You could just make your assets that are never going to move stationary (not the light setting, the actor setting, like your Trees or whatever). Then the light would be set to Movable (dynamic). This is used in Fortnite as a way of optimizing dynamically lit scenes that have a lot of geometry that’s not really moving.

Read up on it and see if it’s a fit for your needs. I only read your initial post and wanted to share this feature you’re likely not aware of. Sorry if I missed something else you had posted in here.

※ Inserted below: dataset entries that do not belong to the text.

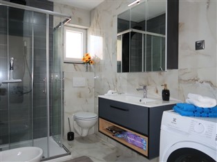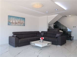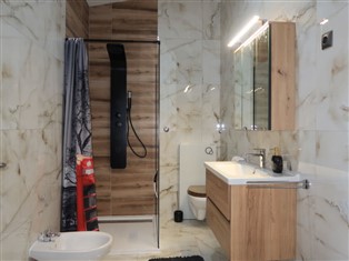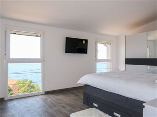 5-Zimmer-Haus 150 m² auf 2 Stockwerken. Wohn-/Esszimmer 40 m² mit Sat-TV und Klimaanlage. Ausgang zur Terrasse. 1 Zimmer mit 1 franz. Bett (160 cm, Länge 200 cm), Sat-TV. Offene Küche (Backofen, 4 Induktionskochplatten, Toaster, Wasserkocher, Mikrowelle, Tiefkühler, elektrische Kaffeemaschine). Dusche/Bidet/WC. Obergeschoss: 1 Zimmer mit 1 franz. Bett (160 cm, Länge 200 cm), Dusche/WC, Sat-TV und Klimaanlage. Ausgang zum Balkon. 1 Zimmer mit 2 Betten (80 cm, Länge 200 cm), Sat-TV und Klimaanlage. Ausgang zum Balkon. 1 Zimmer mit 1 franz. Bett (160 cm, Länge 200 cm), Dusche/WC, Sat-TV und Klimaanlage. Dusche/Bidet/WC. Warmluftheizung. Balkon 6 m², Terrasse 16 m². Terrassenmöbel. Schöne Sicht auf das Meer. Zur Verfügung: Safe, Fliegengitter. Internet (Wireless LAN, gratis). Bitte beachten: Nichtraucher-Haus. Verfügbar: Playstation (inbegriffen).
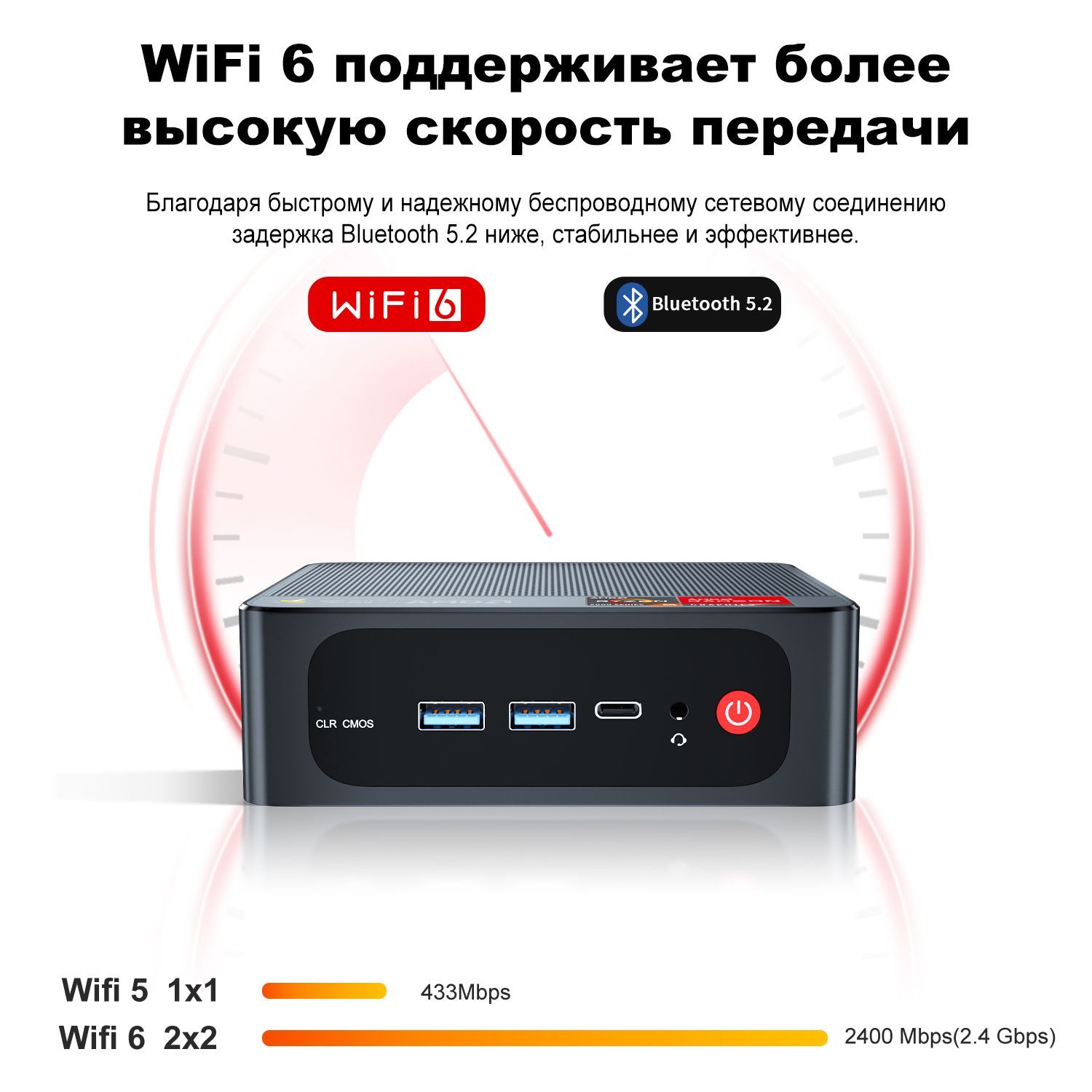 WiFi6 & BT5.2Мини-компьютеры 5500U оснащены обновлением скорости WiFi 6 до 2,4 Гбит/с (802.11ax), быстрее, чем обычный WiFi 6E, и в 3 раза быстрее, чем WI-FI 5, а задержка сокращается более чем на 75%, что ускоряет загрузку и передачу, а встроенный Bluetooth5.2 более стабилен и эффективен.
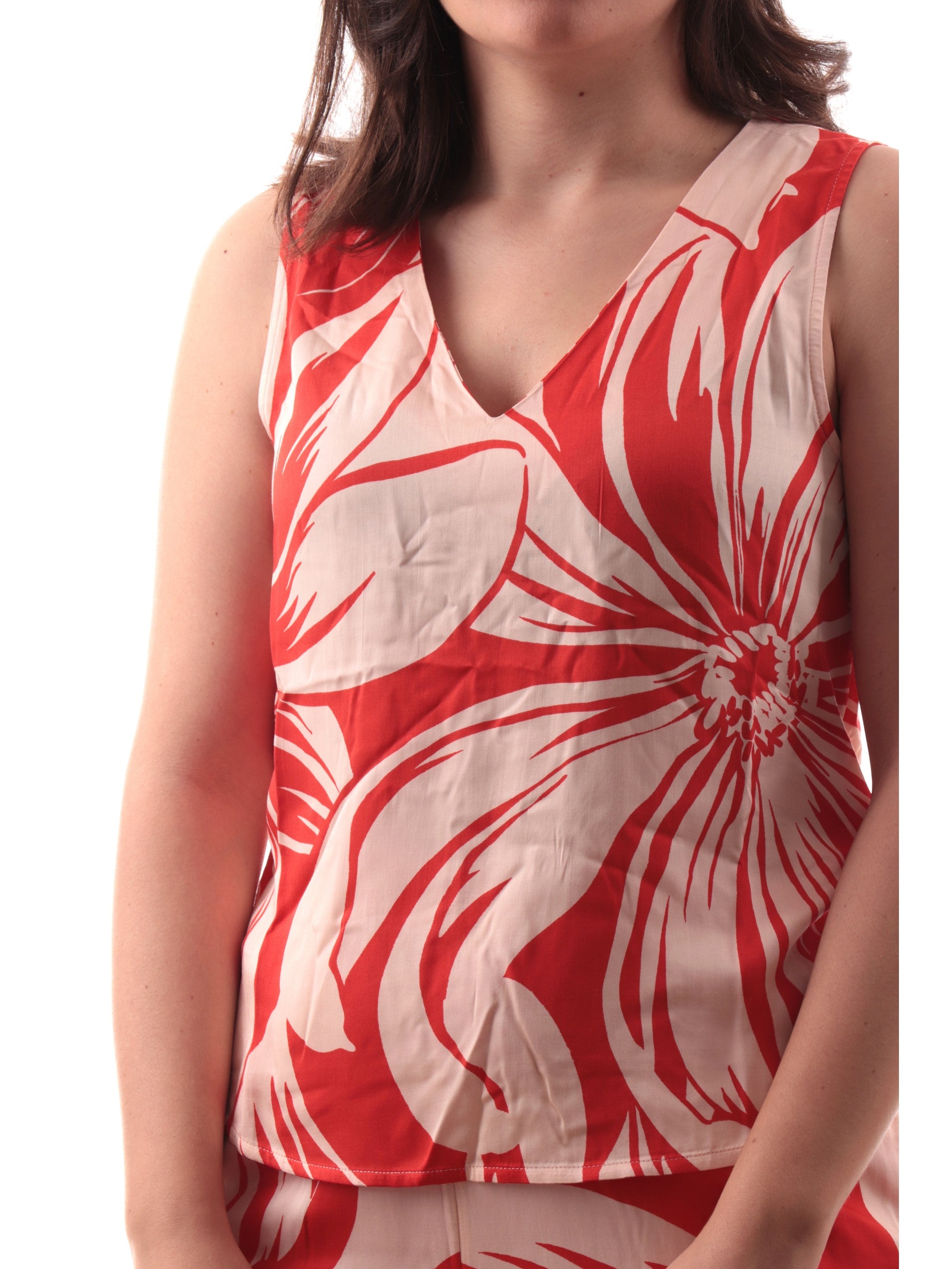 Canotta Only rossa stampa floreale da donna scollo a V 15347475
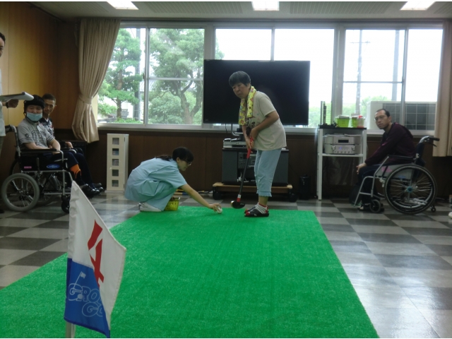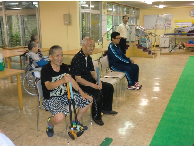今年度も7月1日に、はなのきの里でグラウンドゴルフ交流会を行いました(8分音符) しかしこの日は生憎の大雨・・・。そのため屋内でのプレーとなりました。 今回は明知寮の利用者さんの中に、見事準優勝に輝いた方がいました!おめでとう☆☆
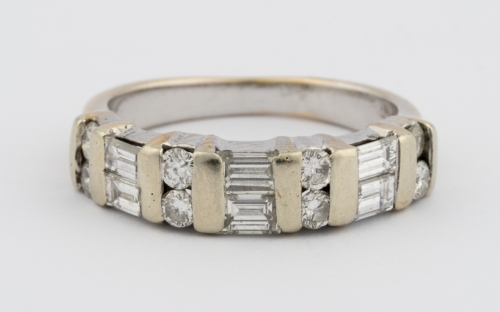 750-Gold, Brillanten und Diamant-Baguetten im oberen Farb- und Reinheitsbereich.

Some other things you can look at too.

For the far shadows, you could enable Mesh Distance Fields and use RayTraced Soft Shadows: Distance Field Soft Shadows in Unreal Engine | Unreal Engine 5.1 Documentation

This will give you the far shadows you want without having to bake the scene. Larger scene typically don’t work as well for baked lighting because of all the lightmaps that have be stored and packed into atlases and then you’re using your texture memory to load these all in when needed. This is why more open scenes use dynamic lighting instead of baked.

So if you opt to go with DF shadows, I would suggest using a mid-low-range value for the Dynamic Cascaded Shadow Maps distance (something in the 1500-2500) range so that you get nice sharp shadows, and when you enable Distance Field Shadows you get the mesh distance field representation at these farther distances.

Anyways, I hope that helps.

Yup, this is definitely the solution. Instead of losing 30 fps to the shadows now it’s 4 fps so huge improvement. Thanks, the performance hit of the moving foliage is huge.